System Runbook
System Runbook is a clear and structured set of instructions that describes the customer’s cloud environment. It explains how the system behaves in different situations and outlines the investigation process.
The runbook includes the resolution steps taken, the final outcome, and any preventive measures introduced to avoid similar incidents in the future.
When to Use Them
System runbooks are best used for recurring, well-understood investigations where teams want consistent, repeatable analysis.
Use runbooks when:
- The same questions come up repeatedly (e.g., “Why is the service crashing?”, “Why did latency spike?”).

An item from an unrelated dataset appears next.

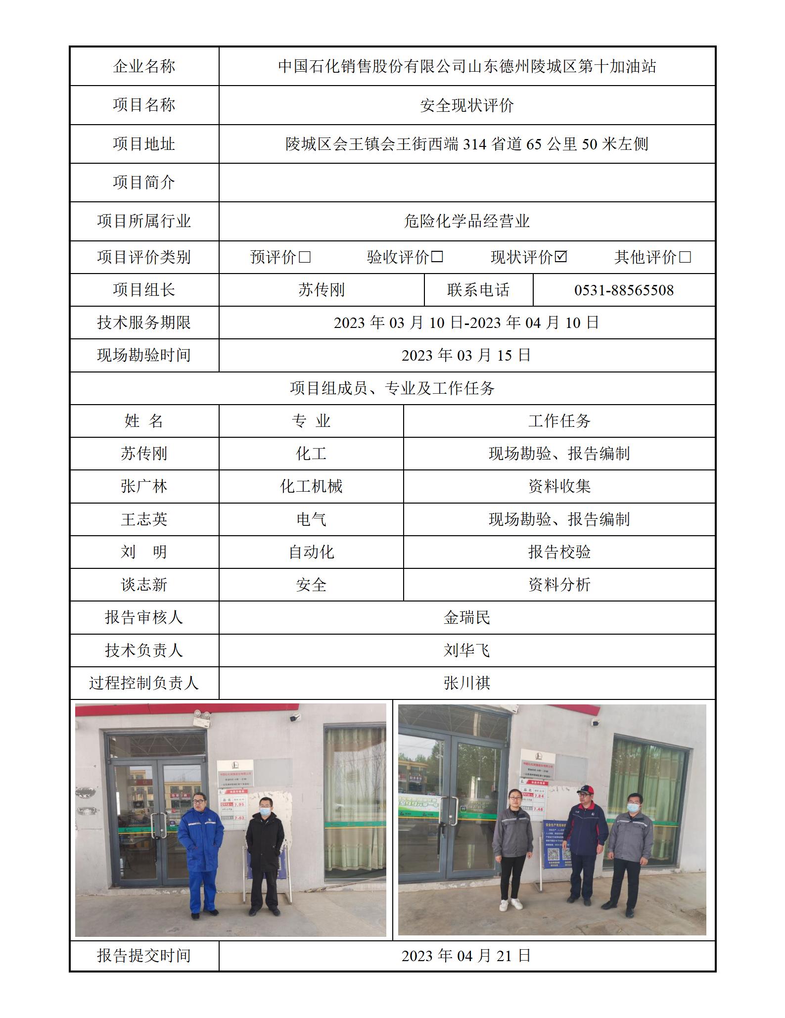 中国石化销售股份有限公司山东德州陵城区第十加油站安全评价报告信息公开

- Investigations follow a recommended sequence of checks across logs, metrics, traces, and incidents.
Runbooks turn informal “how we usually debug this” knowledge into executable system behavior.
When Hawkeye Uses Them
Hawkeye uses system runbooks automatically whenever a user question, alert, or investigation matches a runbook’s trigger condition.
This can happen:
- During an active incident investigation
- In response to a user asking a natural-language question
- As part of a larger autonomous investigation pipeline
- When validating or expanding on an existing RCA
Once triggered, Hawkeye executes the runbook step-by-step, querying the appropriate telemetry sources at each stage and building a structured reasoning trail. The user does not need to manually invoke or manage the runbook—Hawkeye selects and runs it when it is relevant.
For example, using In response to a user asking a natural-language question to illustrate when Hawkeye uses System Runbook in the demo below.

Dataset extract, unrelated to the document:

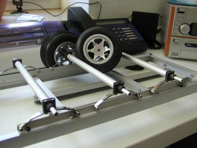 Die Achsen mit der Federung sind fertig - und es kommen andere Räder an den Trailer

Fig.1 - A walkthrough of when Hawkeye uses System Runbooks
How System Runbooks Work
System runbooks are reusable, step-by-step investigation procedures that automate troubleshooting workflows.
When you create a runbook, Hawkeye analyzes your description and decomposes it into structured investigation steps (reasoning graph nodes). Each step includes:
- A focused investigative question
- The relevant data sources to query (logs, metrics, traces, incidents, change history, etc.)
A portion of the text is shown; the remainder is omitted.